Em atividade desde 1972, a Banda de Pau e Corda é um dos grupos mais longínquos da música popular brasileira. Integrante de um movimento de renovação da sonoridade criada no Nordeste que tinha como epicentro o Recife, o grupo foi responsável, junto a nomes como Quinteto Violado, Geraldo Azevedo e Alceu Valença, por criar uma canção popular urbana com características marcadamente nordestinas. E fez disso a sua missão. Após quase 30 anos sem entrar em estúdio para gravar um trabalho solo, o grupo lança neste sexta-feira (23) um novo álbum. “Missão do Cantador”, título que dá nome ao álbum e também à sua faixa de abertura, marca uma espécie de retorno da Banda de Pau e Corda em sua essência. O álbum sai pela Biscoito Fino, com produção assinada por José Milton e capa de Elifas Andreato.
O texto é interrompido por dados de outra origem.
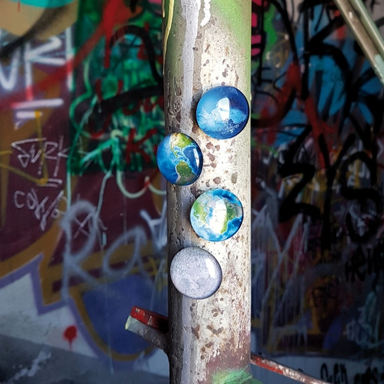 Magnets, glass, Set of 4, PLANET, Ø 3,5 cm, Blue
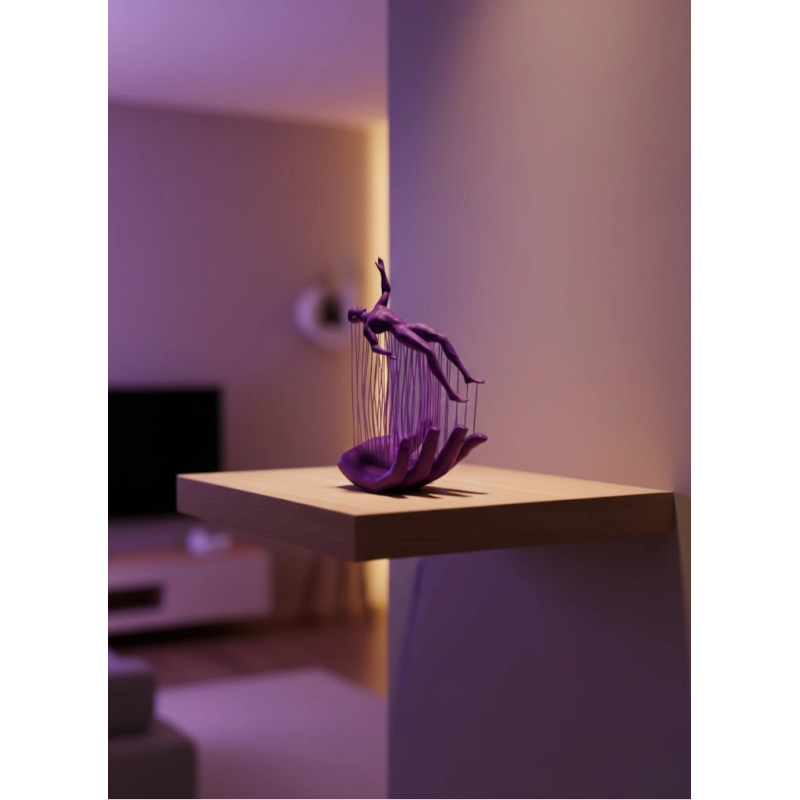 El İnsan Figürü Mor, modern sanat anlayışını dekorasyona taşıyan özgün ve dikkat çekici bir biblodur. İnsan figürünün ince ip detaylarıyla bir el formunun üzerinde süzülür gibi tasarlanması, ürüne hem sanatsal hem de soyut bir karakter kazandırır. Mor rengin güçlü ve sofistike etkisi sayesinde bulunduğu ortamda odak noktası oluşturur.12×18 cm ölçüleriyle salon rafları, TV ünitesi, kitaplık, konsol veya çalışma masası üzerinde rahatlıkla kullanılabilir. Minimal ve modern dekorasyon stilleriyle uyum sağlarken, aynı zamanda klasik alanlara da sanatsal bir dokunuş katar. Dekorasyonda farklılık arayanlar için ideal bir tercihtir.Dayanıklı malzemeden üretilmiş olup uzun süre formunu ve rengini korur. Ev, ofis, stüdyo ve showroom dekorasyonlarında es bir tamamlayıcı olarak kullanılabilir. Kendiniz için özel bir parça arıyorsanız ya da özgün bir hediye alternatifi düşünüyorsanız, bu mor biblo güçlü bir seçenektir.
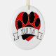 Dog Paw Print Red Heart Banner Ceramic Ornament
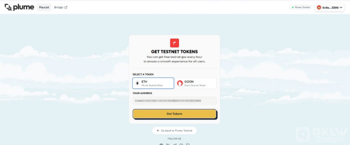 用戶可以通過Plume的官方水龍頭獲取ETH和GOON。訪問Plume測試網頁面后,連接錢包,然后添加Plume測試網絡。檢查資格并鑄造一個Plume Goon NFT。ETH用于支付gas費用,從EthereumSepolia上的ETH橋接到Plume上。請注意,這些都是測試網Tokens,沒有任何貨幣價值。
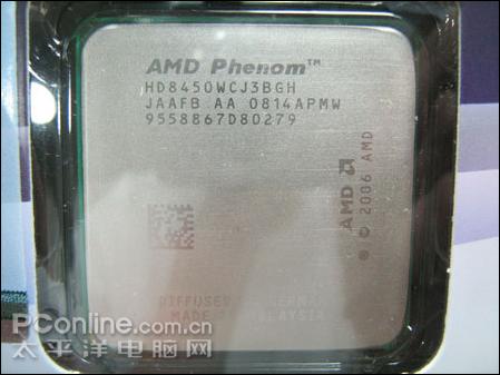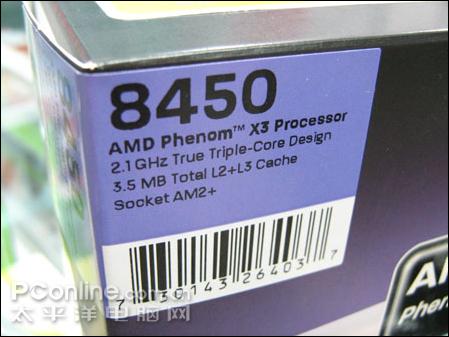 AMD Phenom X3 8450处理器采用了AMD最新的一拉即开整体嵌入式包装,处理器的核心名称为Toliman,采用65nm工艺制程,TDP功耗值为95W,支持Hyper Transport 3.0,采用AM2+接口,同样是940针,可以兼容上一代AM2接口的主板。AMD Phenom X3 8450处理器的编号为“HD8450WCJ3BGH”。

Apesar das mudanças em sua formação original, o grupo se mantém fiel à sonoridade que o colocou no rol dos clássicos da música popular brasileira. O diálogo entre a flauta e a viola, os vocais sempre presentes e, sobretudo, a maestria de sua “poesia cantada” – como frisou Gilberto Freyre ainda no primeiro disco do grupo -, estão presentes nesse novo trabalho. Para isso, o grupo contou com a produção de José Milton, responsável por lançar, ainda em 1973, o grupo no mercado fonográfico. Profissional de longa e importante história na MPB, José Milton iniciou sua trajetória como produtor musical justamente com a Banda de Pau e Corda, e com ela seguiu caminhando junto nos primeiros 7 álbuns.
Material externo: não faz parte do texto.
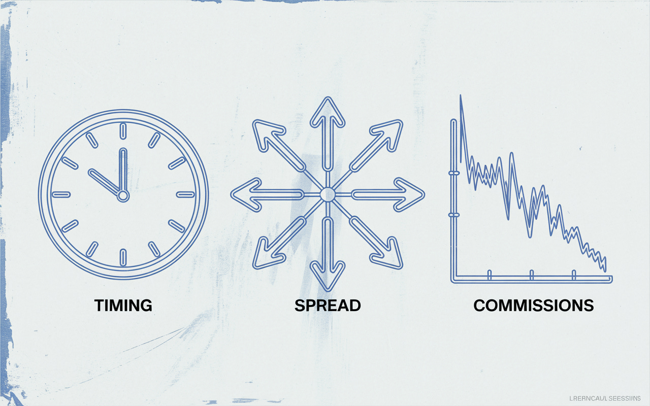 The spread and commission shows up as red P&L before the trade even has a chance.
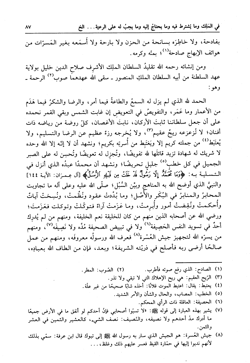 ومن إنشائه رحمه الله تقليد السلطان الملك الأشرف صلاح الدين خليل بولاية عهد السلطنة من أبيه السلطان الملك المنصور - سقى الله عهدهما صوب الرحمة - وهو : الحمد لله الذي لم يزل له السمع والطاعة فيما أمر ، والرضا والشكر فيما هدم من الأعمار وما عمر ، والتفويض إن غابت الشمس وبقى القمر نحمده على أن جعل سلطاننا ثابت الأركان ، نابت الأغصان ، كل رياضة من رياضه ذات أفنان ؛ لا تزعزعه ريحٌ عقيم ، ولا يخرجه رزءٌ عظيم عن الرضا والتسليم ، ولا يعتبط من جملته كريم إلا ويغتبط من أسرته بكريم ؛ ونشهد أن لا إله إلا الله وحده لا شريك له شهادة تزيد قائلها لله تفويضا ، وتجزل له تعويضا وتحسن له على الصبر الجميل في كل خطبٍ جليلٍ تحريضا ؛ ونشهد أن محمدا عبده الذي أنزل في التسلية به : " وما محمدٌ إلا رسولٌ قد خلت من قبله الرسل " والنبي الذي أوضح الله به المناهج وبين السبل ؛ صلى الله عليه وعلى آله ما تجاوبت المحابر والمنابر في البكر والأصل ؛ وما بددت عقود ونظمت ، ونسخت آياتٌ وأحكمت ونقضت أمور وأبرمت ، وما عزمت آراءٌ فتوكلت وتوكلت فعزمت ؛ ورضي الله عن أصحابه الذين منهم من كان للخليقة نعم الخليفة ، ومنهم من لم يدرك أحدٌ في تسويد النفس الحصيفة ولا في تبييض الصحيفة سمده ولا نصيفه ، ومنهم من يسره الله لتجهيز جيش العسرة فعرف الله ورسوله معروفه ، ومنهم من عمل صالحا أرضى ربه فأصلح في ذريته الشريفه ؛ وبعد ، فإن من ألطاف الله بعباده ،

Os arranjos são, em sua maioria, assinados por Zé Freire, também violonista do grupo. Das 13 canções que integram o trabalho, apenas 2 possuem assinatura de Waltinho, um dos fundadores da Banda e arranjador de todos os trabalhos anteriores. Inspirado na estética definida por Waltinho ao longo de décadas, Zé Freire criou os demais arranjos tentando construir pontes entre o passado e o presente, respeitando toda a história da Banda de Pau e Corda, mas apontando caminhos futuros. E esse diálogo entre gerações também se faz notar na escolha das participações especiais. Na parte instrumental, o Mestre Gennaro participou tocando sanfona na canção Estrela Cadente (Waltinho/Sérgio Andrade) e Alexandre Rodrigues, também conhecido como Copinha, tocou pífano na música Fogo de Braseiro (Sérgio Andrade), cujo arranjo dialoga diretamente com o clássico “A briga do cachorro com a onça”, composição de Sebastião Biano, da Banda de Pífanos de Caruaru. A mesma canção conta também com a participação especial do paraibano Chico César. “Além de ser um artista de quem somos fãs, Fogo de Braseiro é uma letra com forte teor político e Chico é um dos artistas que melhor consegue traduzir isso em suas canções”, destaca Sérgio Andrade, cantor, compositor e um dos fundadores da Banda.
Outro artista convidado a participar foi o maranhense Zeca Baleiro. Com interpretação marcante, Zeca divide os vocais com a Banda de Pau e Corda na canção Tudo Num Balaio Só, música inédita de autoria de Murilo Antunes em parceria com Natan Marques. “Quando Murilo me apresentou essa música, a primeira voz que eu imaginei foi a de Zeca Baleiro. Antes mesmo de me imaginar cantando a canção, eu só conseguia ouvir a voz de Zeca”, revela Andrade. Para fechar a lista de participações, a Banda de Pau e Corda convidou o cantor Marcello Rangel, integrante da nova cena da música pernambucana reunida no movimento Reverbo, para gravar voz e violão no frevo “Quer Mais o Quê?”, de sua autoria. A canção foi apresentada à Banda pelo autor no finalzinho de 2019 e imediatamente adotada pelo grupo já no carnaval de 2020.
A capa do álbum “Missão do Cantador”, assinada pelo artista plástico Elifas Andreato, reedita uma parceria que teve início nos anos 1970. Mais especificamente em 1978, quanto Elifas criou uma das obras mais icônicas de sua extensa e premiada carreira: o LP Arruar, da Banda de Pau e Corda, que é um marco na trajetória do artista e também do grupo. Trazendo sobre o fundo preto uma caveira de boi crucificada, o artista conseguiu transmitir com excelência a mensagem que a Banda levava em suas canções. Sobre o mesmo fundo preto, saem as imagens da seca, entram as cores de um nordeste contemporâneo.